Prostate cancer that progresses after enzalutamide treatment is poorly responsive to further antiandrogen therapy, and paradoxically, rapid cycling between high and low serum testosterone concentrations (bipolar androgen therapy [BAT]) in this setting might induce tumour responses. We aimed to evaluate BAT in patients with metastatic castration-resistant prostate cancer that progressed after enzalutamide.

Methods

We did this single-centre, open-label, phase 2, multicohort study in the USA. We included patients aged 18 years or older who had histologically confirmed and radiographically documented metastatic castration-resistant prostate cancer, with no more than two previous second-line hormonal therapies, and a castrate concentration of testosterone. Patients were asymptomatic, with Eastern Cooperative Oncology Group performance status of 0–2, and did not have high-risk lesions for tumour flare (eg, >5 sites of visceral disease or bone lesions with impending fracture). For the cohort reported here, we required patients to have had progression on enzalutamide with a continued prostate-specific antigen (PSA) rise after enzalutamide treatment discontinuation. Patients received BAT, which consisted of intramuscular testosterone cipionate 400 mg every 28 days until progression and continued luteinising hormone-releasing hormone agonist therapy. Upon progression after BAT, men were rechallenged with oral enzalutamide 160 mg daily. The co-primary endpoints were investigator-assessed 50% decline in PSA concentration from baseline (PSA50) for BAT (for all patients who received at least one dose) and for enzalutamide rechallenge (based on intention-to-treat analysis). These data represent the final analysis for the post-enzalutamide cohort, while two additional cohorts (post-abiraterone and newly castration-resistant prostate cancer) are ongoing. The trial is registered with ClinicalTrials.gov, number NCT02090114.

Findings

Between Aug 28, 2014, and May 18, 2016, we accrued 30 eligible patients and treated them with BAT. Nine (30%; 95% CI 15–49; p<0·0001) of 30 patients achieved a PSA50 to BAT. 29 patients completed BAT and 21 proceeded to enzalutamide rechallenge, of whom 15 (52%; 95% CI 33–71; p<0·0001) achieved a PSA50 response. During BAT, the only grade 3–4 adverse event occurring in more than one patient was hypertension (three [10%] patients).
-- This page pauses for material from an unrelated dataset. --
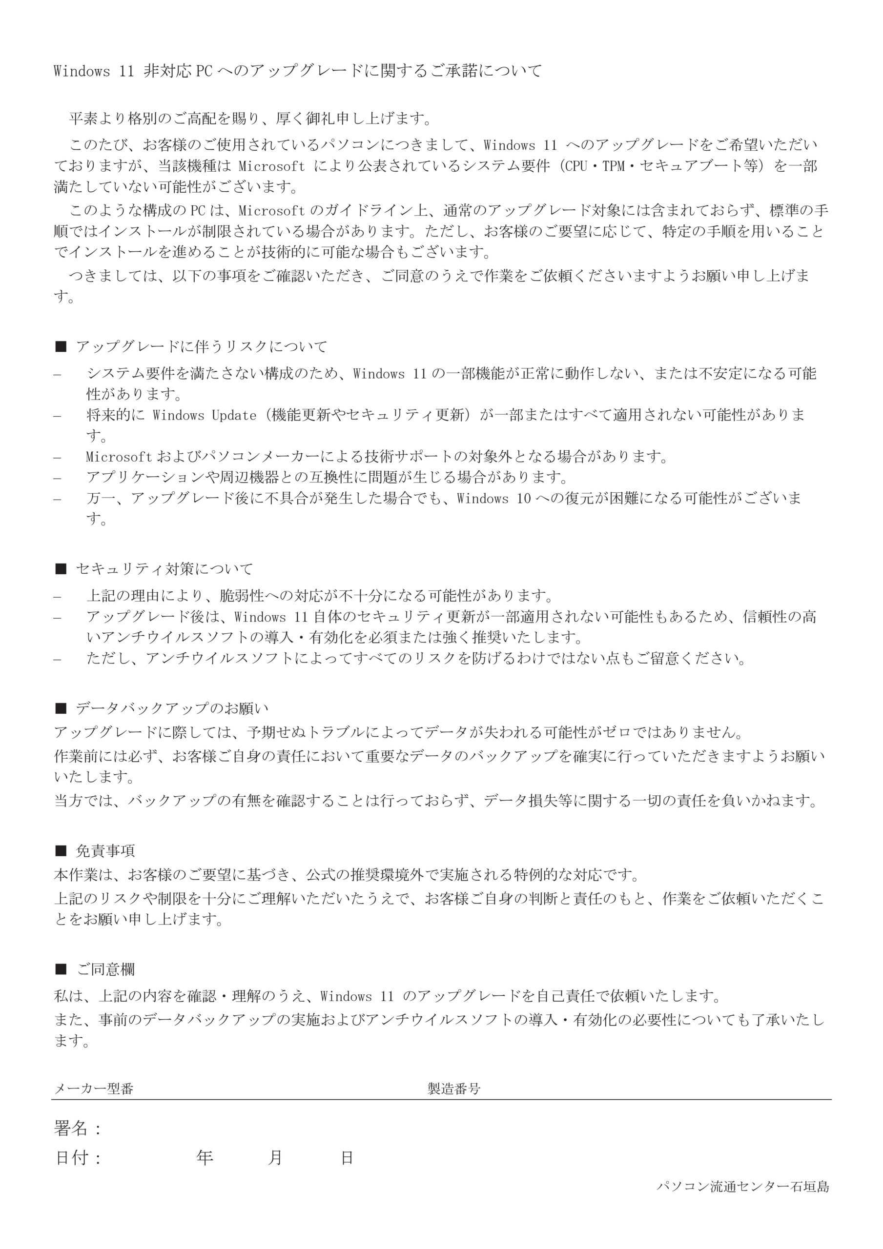 この承諾書にサインを頂いてからの作業となります。

Other grade 3 or worse adverse events occurring during BAT in one [3%] patient each were pulmonary embolism, myocardial infarction, urinary obstruction, gallstone, and sepsis. During enzalutamide retreatment, no grade 3–4 toxicities occurred in more than one patient. No treatment-related deaths were reported during either BAT or enzalutamide retreatment.

Interpretation

BAT is a safe therapy that resulted in responses in asymptomatic men with metastatic castration-resistant prostate cancer and also resensitisation to enzalutamide in most patients undergoing rechallenge. Further studies with BAT are needed to define the potential clinical role for BAT in the management of metastatic castration-resistant prostate cancer and the optimal strategy for sequencing between androgen and antiandrogen therapies in metastatic castration-resistant prostate cancer to maximise therapeutic benefit to patients.

Funding

National Institutes of Health and National Cancer Institute.